Repeat exactly the lines beginning at the one that contains "проблемы клиента проводится" and running to the end of the material. Omit the pictures.

EXERCISE DATA
____________________

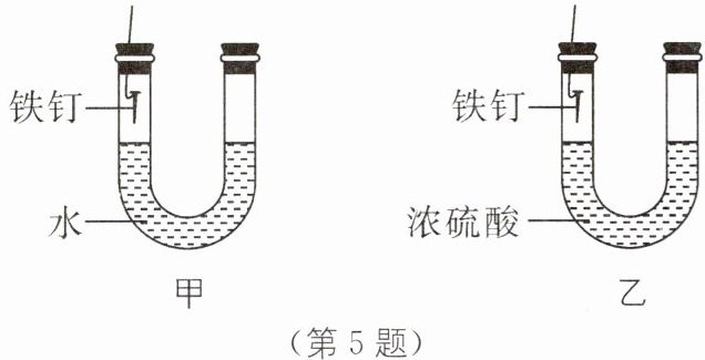 A [解析]装置甲中铁钉放在有水、氧气的空间中,容易发生锈蚀;浓硫酸具有吸水性,可以干燥气体,装置乙中铁钉放在了干燥的空气中,不易生锈,装置乙中铁钉几乎没有锈蚀,A正确,B错误;装置甲中铁钉这一侧氧气被消耗,气体压强减小,液面上升,C错误;装置乙中铁钉几乎没锈蚀,是因为浓硫酸能够吸收水蒸气,导致铁钉不能和水接触,因此铁钉这一侧液面基本没变化,D错误。
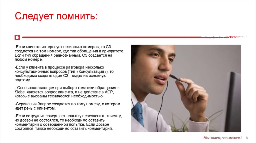 • Если для решения проблемы клиента проводится
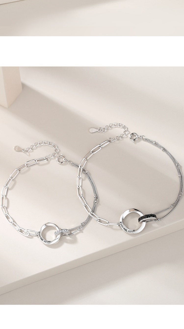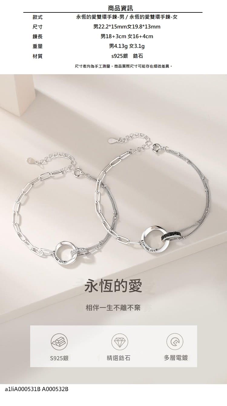 【巴黎精品】現貨+預購 頂級925純銀手鍊情侶手鏈女首飾情人節禮物(永恆的愛雙環情侶手鍊男女飾品a1li38)
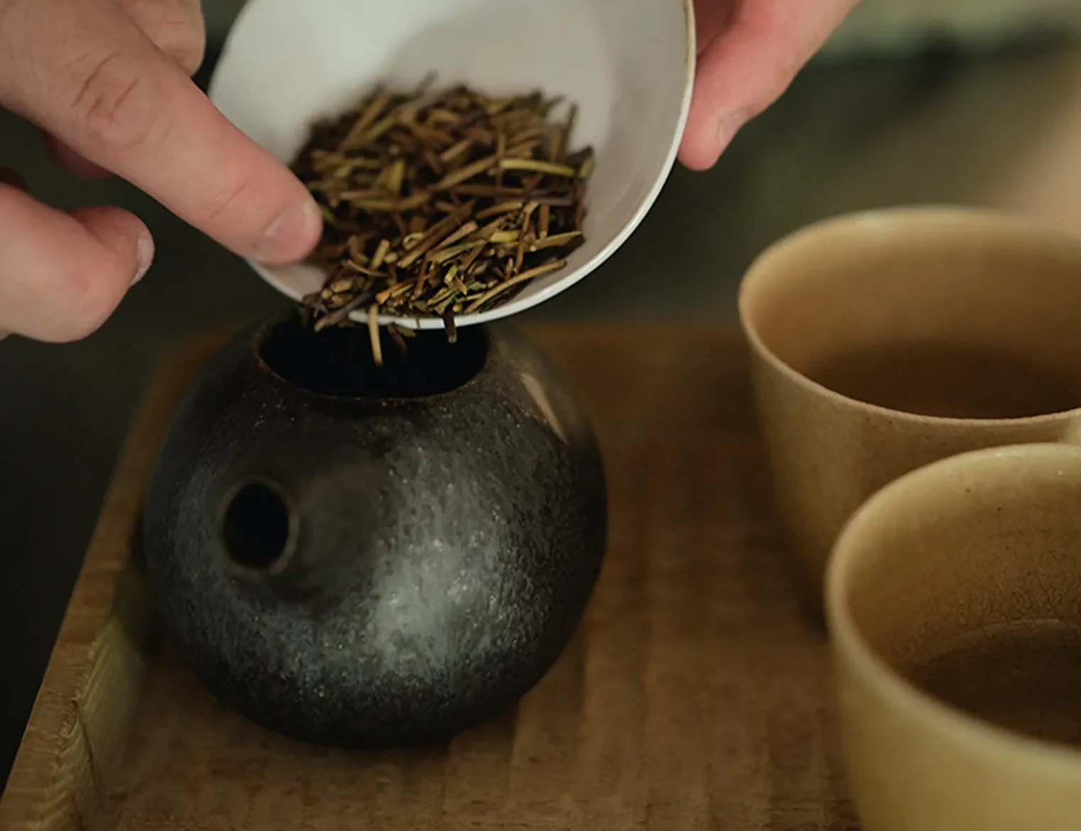 「よく飲むのは、ほうじ茶、玄米茶、番茶などですね。飲みやすく、香ばしい風味が好きなんです。使う茶道具は、淹れるお茶や人数に応じて選びます。二人分なら、小さめの急須で。料理教室の時など大人数で楽しむ時はシルバーのポットでたっぷり淹れたり。今日使っているのは、福岡県で作陶をしている岩田圭介さんの急須です。ピタッと湯切れが素晴らしく良く、気に入っています」

____________________

ANSWER SECTION
 • Если для решения проблемы клиента проводится
 【巴黎精品】現貨+預購 頂級925純銀手鍊情侶手鏈女首飾情人節禮物(永恆的愛雙環情侶手鍊男女飾品a1li38)
 「よく飲むのは、ほうじ茶、玄米茶、番茶などですね。飲みやすく、香ばしい風味が好きなんです。使う茶道具は、淹れるお茶や人数に応じて選びます。二人分なら、小さめの急須で。料理教室の時など大人数で楽しむ時はシルバーのポットでたっぷり淹れたり。今日使っているのは、福岡県で作陶をしている岩田圭介さんの急須です。ピタッと湯切れが素晴らしく良く、気に入っています」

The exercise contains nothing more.